So how can we calculate them faster than direct evaluation? I don't know, and to my knowledge, no one else does either. But if sound (ie only overapproximating) but non-tight bounds are OK, then there is a way. Part of the trick is constraining m and n to be powers of two. It's safe to use m = m & -m. That should look familiar - it's extracting the rightmost bit of m. An other explanation of "the rightmost bit of m" is "the highest power of two that divides m". That doesn't rule out any values of x that were valid before, so it's a sound approximation.
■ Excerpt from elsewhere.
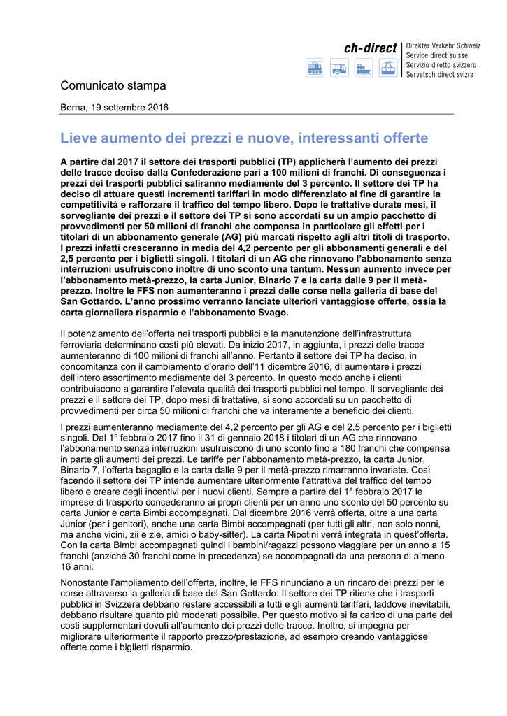 Comunicato stampa Berna, 19 settembre 2016 Lieve aumento dei prezzi e nuove, interessanti offerte A partire dal 2017 il settore dei trasporti pubblici (TP) applicherà l’aumento dei prezzi delle tracce deciso dalla Confederazione pari a 100 milioni di franchi. Di conseguenza i prezzi dei trasporti pubblici saliranno mediamente del 3 percento. Il settore dei TP ha deciso di attuare questi incrementi tariffari in modo differenziato al fine di garantire la competitività e rafforzare il traffico del tempo libero. Dopo le trattative durate mesi, il sorvegliante dei prezzi e il settore dei TP si sono accordati su un ampio pacchetto di provvedimenti per 50 milioni di franchi che compensa in particolare gli effetti per i titolari di un abbonamento generale (AG) più marcati rispetto agli altri titoli di trasporto. I prezzi infatti cresceranno in media del 4,2 percento per gli abbonamenti generali e del 2,5 percento per i biglietti singoli. I titolari di un AG che rinnovano l’abbonamento senza interruzioni usufruiscono inoltre di uno sconto una tantum. Nessun aumento invece per l’abbonamento metà-prezzo, la carta Junior, Binario 7 e la carta dalle 9 per il metàprezzo. Inoltre le FFS non aumenteranno i prezzi delle corse nella galleria di base del San Gottardo. L’anno prossimo verranno lanciate ulteriori vantaggiose offerte, ossia la carta giornaliera risparmio e l’abbonamento Svago. Il potenziamento dell’offerta nei trasporti pubblici e la manutenzione dell’infrastruttura ferroviaria determinano costi più elevati. Da inizio 2017, in aggiunta, i prezzi delle tracce aumenteranno di 100 milioni di franchi all’anno. Pertanto il settore dei TP ha deciso, in concomitanza con il cambiamento d’orario dell’11 dicembre 2016, di aumentare i prezzi dell’intero assortimento mediamente del 3 percento. In questo modo anche i clienti contribuiscono a garantire l’elevata qualità dei trasporti pubblici nel tempo. Il sorvegliante dei prezzi e il settore dei TP, dopo mesi di trattative, si sono accordati su un pacchetto di provvedimenti per circa 50 milioni di franchi che va interamente a beneficio dei clienti. I prezzi aumenteranno mediamente del 4,2 percento per gli AG e del 2,5 percento per i biglietti singoli. Dal 1° febbraio 2017 fino il 31 di gennaio 2018 i titolari di un AG che rinnovano l’abbonamento senza interruzioni usufruiscono di uno sconto fino a 180 franchi che compensa in parte gli aumenti dei prezzi. Le tariffe per l’abbonamento metà-prezzo, la carta Junior, Binario 7, l’offerta bagaglio e la carta dalle 9 per il metà-prezzo rimarranno invariate. Così facendo il settore dei TP intende aumentare ulteriormente l’attrattiva del traffico del tempo libero e creare degli incentivi per i nuovi clienti. Sempre a partire dal 1° febbraio 2017 le imprese di trasporto concederanno ai propri clienti per un anno uno sconto del 50 percento su carta Junior e carta Bimbi accompagnati. Dal dicembre 2016 verrà offerta, oltre a una carta Junior (per i genitori), anche una carta Bimbi accompagnati (per tutti gli altri, non solo nonni, ma anche vicini, zii e zie, amici o baby-sitter). La carta Nipotini verrà integrata in quest’offerta. Con la carta Bimbi accompagnati quindi i bambini/ragazzi possono viaggiare per un anno a 15 franchi (anziché 30 franchi come in precedenza) se accompagnati da una persona di almeno 16 anni. Nonostante l’ampliamento dell’offerta, inoltre, le FFS rinunciano a un rincaro dei prezzi per le corse attraverso la galleria di base del San Gottardo. Il settore dei TP ritiene che i trasporti pubblici in Svizzera debbano restare accessibili a tutti e gli aumenti tariffari, laddove inevitabili, debbano risultare quanto più moderati possibile. Per questo motivo si fa carico di una parte dei costi supplementari dovuti all’aumento dei prezzi delle tracce. Inoltre, si impegna per migliorare ulteriormente il rapporto prezzo/prestazione, ad esempio creando vantaggiose offerte come i biglietti risparmio. Abbonamenti modulari: nuove allettanti offerte per i pendolari Presumibilmente a partire dal cambiamento d’orario 2016 saranno disponibili nuove offerte. Ad esempio l’abbonamento modulare, che sarà offerto in tutta la Svizzera e consentirà di combinare tratte e zone in modo flessibile. Si tratta della soluzione ideale per i pendolari che si spostano tra più comunità o nelle regioni non coperte dalle comunità e che desiderano utilizzare anche i trasporti urbani. L’abbonamento modulare sarà disponibile come abbonamento mensile e annuale per giovani e adulti. Il prezzo dipenderà dalla tratta e dal numero di zone. L’abbonamento modulare sostituirà l’attuale abbonamento interregionale. L’anno prossimo il settore lancerà anche la carta giornaliera risparmio, un conveniente prodotto che potrà essere impiegato su tutta la rete ferroviaria analogamente all’AG. Sempre nel corso del 2017 verrà introdotta un’altra vantaggiosa offerta: l’abbonamento Svago, che includerà un set di 20 o 30 AG giornalieri da utilizzare con un metà-prezzo. In una prima fase questi due nuovi prodotti verranno testati nel quadro di progetti pilota. Il rispetto dell’accordo amichevole raggiunto con il sorvegliante dei prezzi nel 2014 è garantito Da dicembre 2016 il settore dei TP attuerà le misure tariffarie decise nel quadro dell’accordo amichevole raggiunto con il sorvegliante dei prezzi. Che cos’è il prezzo della traccia? Ogni corsa treno genera dei costi per i gestori dell’infrastruttura. Le rotaie si usurano, gli scambi e i segnali necessitano di assistenza e manutenzione. Le imprese di trasporto ferroviario pagano ai gestori dell’infrastruttura una controprestazione per l’utilizzo delle rete ferroviaria: il prezzo della traccia, che viene fissato dal Consiglio federale. Dal 1° gennaio 2017 i prezzi delle tracce aumenteranno di 100 milioni di franchi. Per ulteriori informazioni Roger Baumann, Comunicazione ch-direct | 031 359 23 15 | 079 270
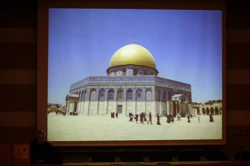 Az előadásra kis számú, de a téma iránt érdeklődő közönség gyűlt össze. A remek, modern teremben hatalmas képeket lehet vetíteni, és ezt az előadó jól ki is használta, aki egy kis sétát ígért a hallgatóságnak a jeruzsálemi templomtéren és környékén. „Több oldalról is meg lehet közelíteni a témát: van, aki az újságok aktualitásai felől; van, aki a közeli és távoli múltjából indul ki; vannak, akik a vallási szempontot tartják fontosnak. Mi keresztény módon nézzük a látottakat. A Dominus Flevit-kápolna lesz a visszatérő pontunk az Olajfák hegyének oldalában, ahonnan Jézus, szenvedését megelőzően, ránézett Jeruzsálemre, és elsírta magát. A templomteret innen, ennek a Jézusnak a szemszögéből szeretnénk megközelíteni” – mondta bevezetőjében Várnai Jakab, a Sapientia Főiskola rektora.

Strangely, for minOR, if the bounds are pre-rounded to their corresponding powers of two, there is absolutely no difference in the code whatsoever. It is possible to set a bit that is known to be zero in that bound, but that can only happen if that bit is one in the other bound anyway, so it doesn't affect the result. The other case, setting a bit that is not known to be zero, is the same as it would be with only the range information.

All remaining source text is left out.